Regulators are said to be fast-tracking tech IPOs and debating allowing dual-class shares in China.

China Looks to Claw Back $1.4 Trillion in Lost Tech Listings
The flags of China and the Hong Kong Special Administrative Region hang in a display in Hong Kong, China. (Photographer: Anthony Kwan/Bloomberg)

(Bloomberg) -- One by one they’ve flown the coop -- Tencent, Weibo, Alibaba -- all locally cultivated technology stars that are padding returns for investors to the tune of $1.4 trillion, everywhere except China.

Together they make a bloc one-fifth the size of all the listed shares in Shanghai and Shenzhen. And more are coming: two-fifths of unicorns across the globe call China home. Their absence is sapping life from the world’s second largest stock market, leaving it clogged with state-controlled dinosaurs.

All because the government is touchy about listing anything with a high valuation or no track record of earnings.

There are signs it’s about to change. Beijing is mulling ways to get companies listed overseas to trade on the mainland. Regulators are said to be fast-tracking tech IPOs this year and debating allowing dual-class shares. A bigger task is making the onshore market a viable option for new companies.

“Domestic investors haven’t been able to share the fruits of China’s new economy and Internet sectors,” said Eric Bian, vice president of Asia Pacific emerging markets equities at JPMorgan Asset Management in Hong Kong. “Regulators should think about whether they should loosen some restrictions for the next generation of unicorns to list on the home market.”

China Looks to Claw Back $1.4 Trillion in Lost Tech Listings

Unlike a place like Europe, where viable tech firms rarely surface, China is awash in them, from global powerhouses like Tencent Holdings Ltd. to billion-dollar startups such as Megvii Inc., Babytree and Ele.me. What’s missing is a regulatory structure that is comfortable with younger companies. Among other barriers, candidates in Shanghai or Shenzhen must be profitable before they apply, a significant hurdle when you consider American firms like Twitter Inc. or Box Inc. are still reporting losses.

Chinese Characteristics

Chinese securities rules are designed to protect individuals, the majority of the nation’s equity market. They don’t permit classes of stock that give greater voting rights to founders and leaders, an impediment for Alibaba Group Holding Ltd.’s Jack Ma. New offerings are subject to a valuation ceiling -- everything prices at around 23 times earnings or less. Money stays on the table, and entrepreneurs have no choice but to see shares double or triple once trading begins.

It takes time to change rules, and officials are looking at a faster way to bring tech home: the issuance of surrogate securities that package overseas shares and sell them domestically, known as depositary receipts. The securities regulator said it’s already studying their feasibility, and some companies have expressed interest.

China’s securities regulator on Thursday approved Foxconn Industrial Internet Co.’s application to list in Shanghai, taking just weeks to complete a process that typically takes months or even years.
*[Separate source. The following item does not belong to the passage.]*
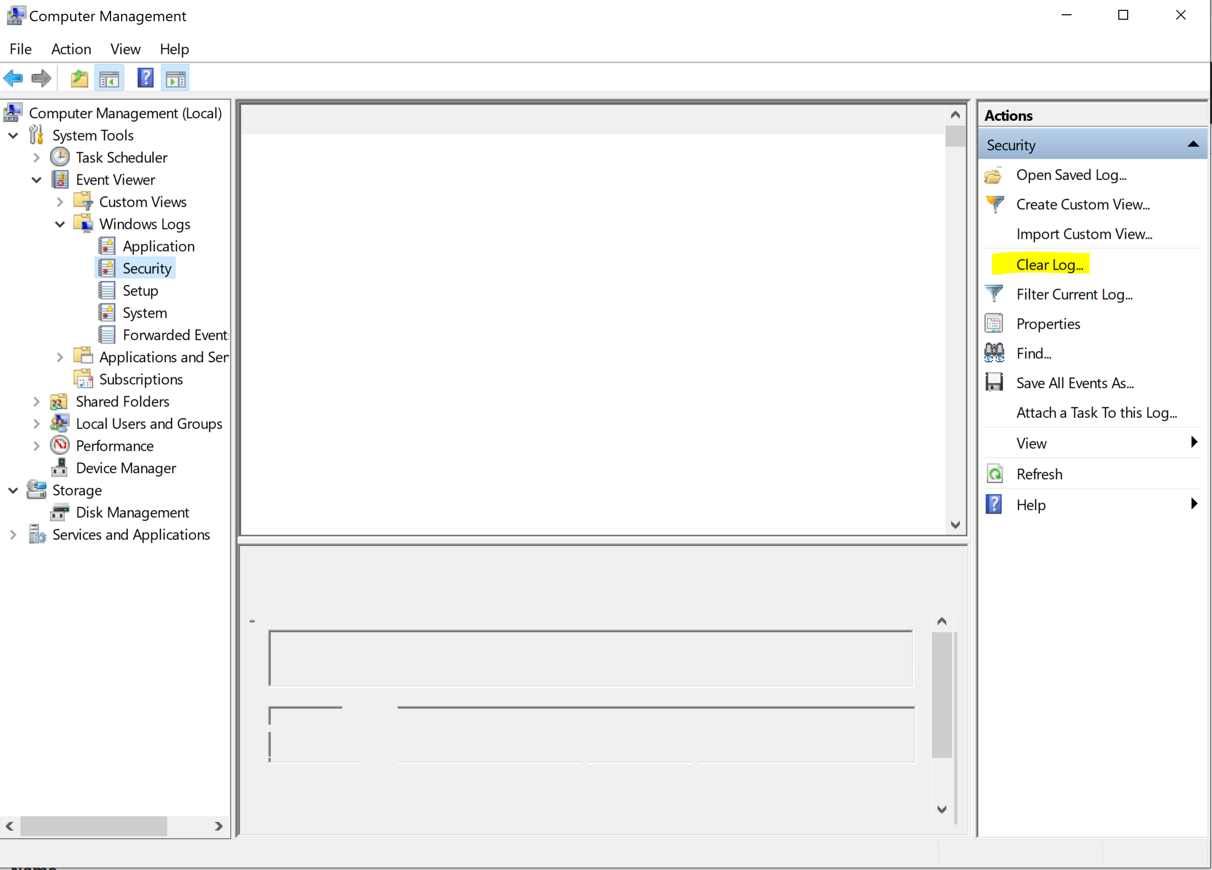 Open Administrative Tools > Event Viewer Browse to Windows Logs > Security Select "Clear Log…"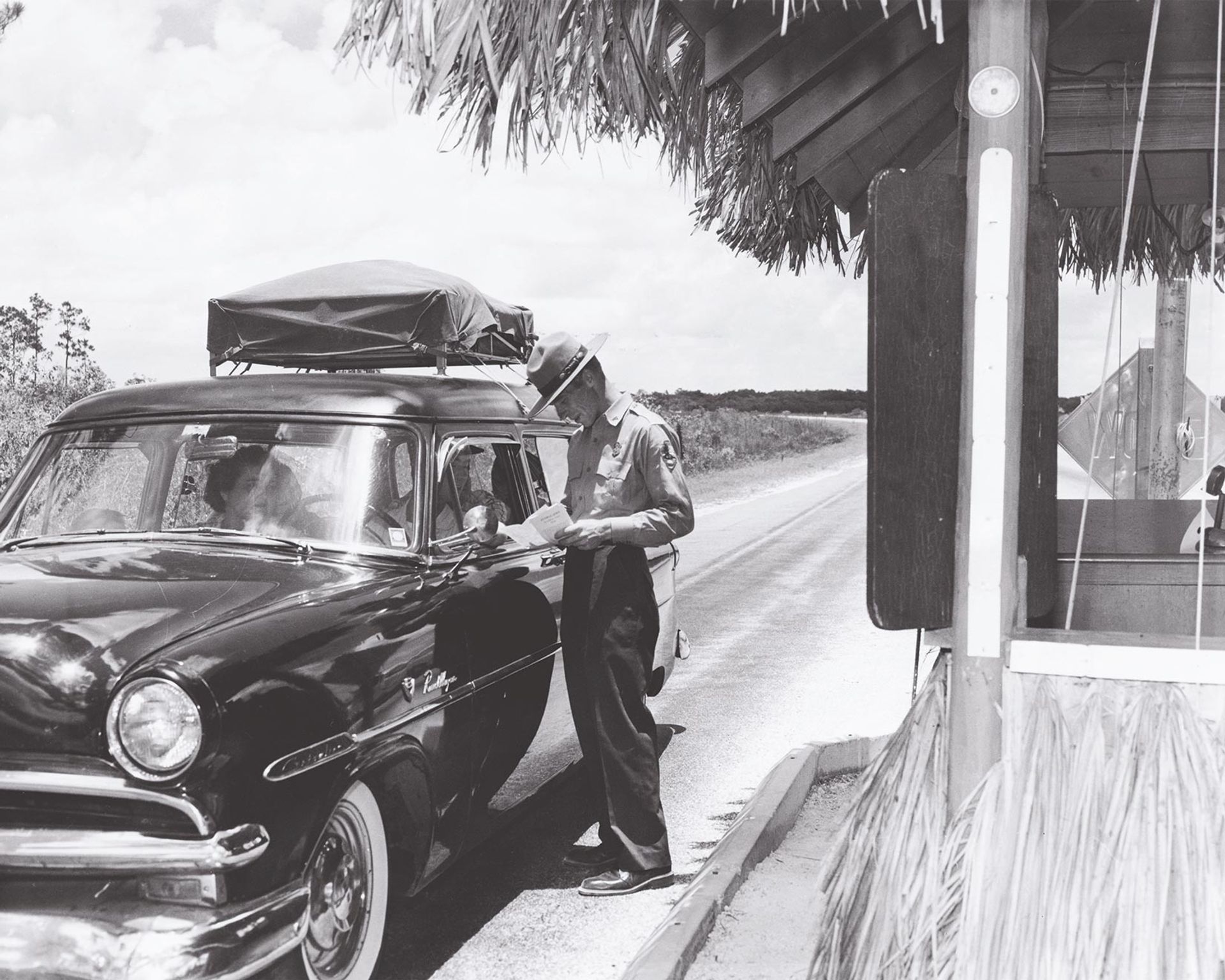 By the mid-1950s the National Park Service had paved the Ingraham Highway and begun collecting entrance fees at this thatch-roofed entrance station.

That helped boost mainland-listed tech stocks on Friday.

Tech Allure

The dearth of new-economy stocks in China has stood out in the global bull market, where investors worldwide piled into anything with a hint of tech. While rallies exceeding 200 percent in Weibo Corp., Alibaba and Sina Corp. enriched traders in New York, those in China could only watch as the Nasdaq Composite Index set record after record, gaining 73 percent since a low in February 2016.

Meanwhile, the Shanghai Composite Index added just 19 percent in the period. China’s ChiNext Index -- often billed as an answer to the Nasdaq -- has all but flopped, down 14 percent amid concerns over its members’ corporate governance, rising funding costs and high valuations.

While onshore investors have been able to buy Hong Kong stocks like Tencent through a connect program that started in November 2014, they’re restricted by daily quotas and a minimum account requirement. Tencent, which gets almost all of its revenue from China, is among the world’s most valuable companies.

Policy Focus

Increasing the presence of tech in China’s equity market has been a recurring topic for officials during this week’s meeting of the National People’s Congress. The focus is on stepping up support for companies that can drive future growth as the economy, expected to decelerate in the next three years, shifts away from manufacturing.

“There’s been a change in authorities’ stance toward technology shares,” Hao Hong, chief strategist at Bocom International Holdings Co., said from Shanghai. “Encouraging entrepreneurship and technology development to regenerate the economy is one priority in policymakers’ agenda.”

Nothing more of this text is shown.